Bank Refah Kargaran, also known as Bank Refah (in , Bank Refah), is one of Iran's major banks. Bank Refah, with its headquarters in Tehran, Iran, is a retail commercial bank owned and controlled by Social Security Organization of Iran. Bank Refah provides a full range of products and services to more than a million clients. Its SWIFT address is REFAIRTH.

History

The workers' bank
Bank Refah was established in 1960 to provide basic banking services to the Iranian workers. Those services included collection of insurance premiums, payment of salaries and pensions, mortgages and personal loans. Bank Refah was categorized as a non-commercial bank until it was nationalized in 1979 less than a year after the Islamic Revolution. With the Nationalization law passed by the Islamic Majlis of Iran, the bank's ownership was transferred to the government. It was also recategorized as a commercial bank.

Ownership
In accordance with article 39 of Iran's 1959 fiscal budget, Bank Refah's initial capital was 400,000,000 Iranian Rials (just over US$5.7 million) fully funded by the Iranian Social Security Organization. Although the bank was nationalized in 1979, its management was returned to the Social Welfare Organization (now known as the Ministry of Welfare and Social Affairs) in 1993. In March 2001, the bank's capital was raised to Rls 1,961 Billion (approximately US$250M) of which close to 94 percent was paid by the Iranian Social Security Organization. The bank currently owns a subsidiary in Belarus, known as Onerbank

Sanctions
On 6 September 2013, the European General Court in Luxembourg ruled to annul the European Union sanctions in place since 2010 against the bank on grounds of supporting the Iranian nuclear and missile programs, as the EU had failed to explain the reasons for the sanctions. > As of 2016, the EU asset freeze was still in effect.

Islamic banking

All banks in Iran must follow the banking principles and practices described in the Islamic banking law of Iran passed in 1983 by the Islamic Majlis of Iran. According to this law, banks can only engage in interest-free Islamic transactions (interest is considered as usury or riba and is forbidden by Islam and the holy book of Quran). These are commercial transactions that involve exchange of goods and services in return for a share of the assumed "profit". All such transactions are performed through Islamic contracts, such as Mozarebe, Foroush Aghsati, Joale, Salaf, and Gharzol-hassane. Details of these contracts and related practices are outlined in the Iranian Interest-Free banking law and its guidelines.

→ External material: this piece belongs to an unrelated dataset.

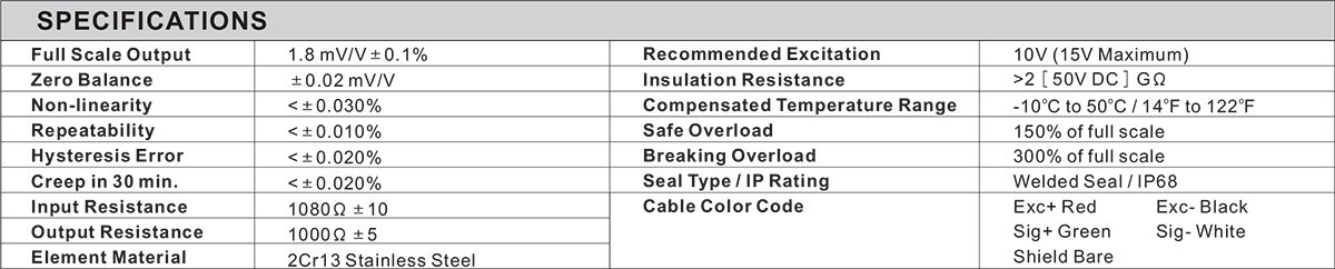 - Full Scale Output: 1.8 mV/V ± 0.1%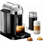 Nespresso Vertuo Espresso and Coffee Machine Create crema-laden coffee drinks in minutes with the versatile Nespresso Vertuo single-serve coffee machine. Compatible with Nespresso's range of large and small pods, this unit has a large-capacity tank so you can brew multiple beverages without refilling. The Nespresso Vertuo single-serve coffee machine incorporates Centrifusion extraction technology, which brews coffee and espresso gently for a fuller flavor. Color: Chrome ... View Details » |

In July 2007 the bank launched a new banking service named "Gold Coins Deposit Account". Through this new service, Bank Refah's customers can deposit their gold coins into a special deposit account and in return receive points, which they can then redeem against future loans and credits. The launch of this unique deposit account, which received high publicity in the Iranian media, was marked by a presidential speech by the Iranian president Mahmoud Ahmadinejad.

The bank's CEO Peyman Nouri announced in March 2007 that his bank has been authorized by the Central Bank of Iran to issue international credit cards.

Financial numbers
 June 16, 2010 ($1 UD is approximately 10,400 [Iranian Rial](Rls) ):
Total assets = Rls 41,453 billion
Capitalization = Rls 895 billion
Total income = Rls 1,614 billion
Total loans = Rls 29,441 billion
Total deposits (short and long term) = Rls 25,719 billion
Number of branches = 1128
Number of employees  = 9570
Market share = 6.8% of total deposits and 5% of total loans

Current CEO and directors
  Dr.Esmaeel Lalegani , CEO
  Farshid Farokhnejad
  Nejat Amini
  Ali Sarzaeim
  Hamidreza Fathi Beiranvand

Previous CEOs
 Mohammad Ali Sahmani 
 Ali Sedghi
 Jafar Safaei Mazid
 Esmaeel lalehgani
 MohammadJavad MohagheghNia
 Farshid FarokhNegad

Significant buildings
Valiasr Building — 2584 Valiasr Ave, Tehran
Pardis Building — 40 Shiraz Shomali, Tehran

Payment Received controversial CEO 
In June 2016 CEO of the bank's earnings news release (Ali Sidqi) by a news site about the rights and benefits administrators led to frequent controversy and debate.

Information technology
Bank Refah established its first Data Processing department in early 1970s. The Data Processing department was equipped with a small IBM 370 Mainframe computer, which was mainly used for batch processing of deposit and mortgage accounts. The bank's IT department was later dissolved in 1976 and its staff were moved to the IT division of the Iranian Social Security Organization (ISSO). At the time Electronic Data Systems (EDS) was developing a social security application for ISSO and was also managing ISSO's data center. After the Iranian Revolution in 1978, the agreement with ISSO (and EDS) was terminated. Bank Refah stopped using ISSO data center and reverted to manual processing. All business units and bank branches were instructed to set up paper-based customer and account ledgers.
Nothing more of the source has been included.